Ok... i'm completely lost on this and if anyone could help show me how to do the following problems and what the answers would be, it would be so greatly appreciated!!! Thank you!
1)Find an equation of the tangent line to the graph of y = g(x) at x = 3 if g(3) = -6 and g'(3) = 4.
2) a. If f(x) = 4x^2 - 2x, find f '(1)
b.

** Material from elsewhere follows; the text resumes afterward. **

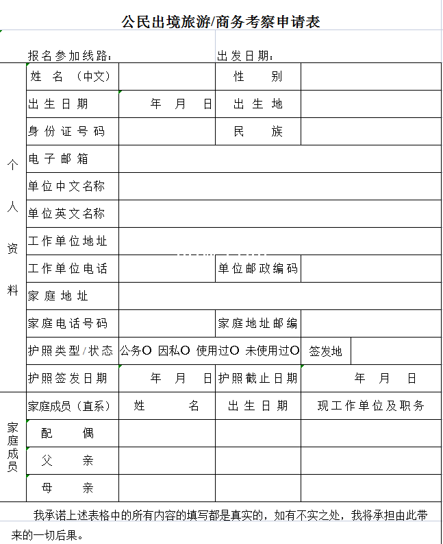 公民出境旅游商务考察申请表-Excel表格

Use f '(1) to find an equation of the line tangent to the curve y= 4x^2 - 2x at the point (1,2)
3) If f(t) = t^3 - 8t, find f '(a)
2007-02-24 13:44:42 · 3 answers · asked by nietzsche 1 in Science & Mathematics ➔ Mathematics
1) since you have g(3) = -6, this indicates that you have point (3,-6) and also you have g'(3) = 4, and this let you know that the gradient of the line at x - 3 is 4. Therefore we can find the equation of the tangent line of graph y = g(x) at x = 3
using (y-y1) = m(x-x1)
y-(-6) = 4(x-3)
y+6 = 4x -12
y = 4x-18
2)differentiate f(x) and you will get f'(x) = 8x -2
substitute x = 1, and you will get 6, indicate that the gradient is 6 at x = 1.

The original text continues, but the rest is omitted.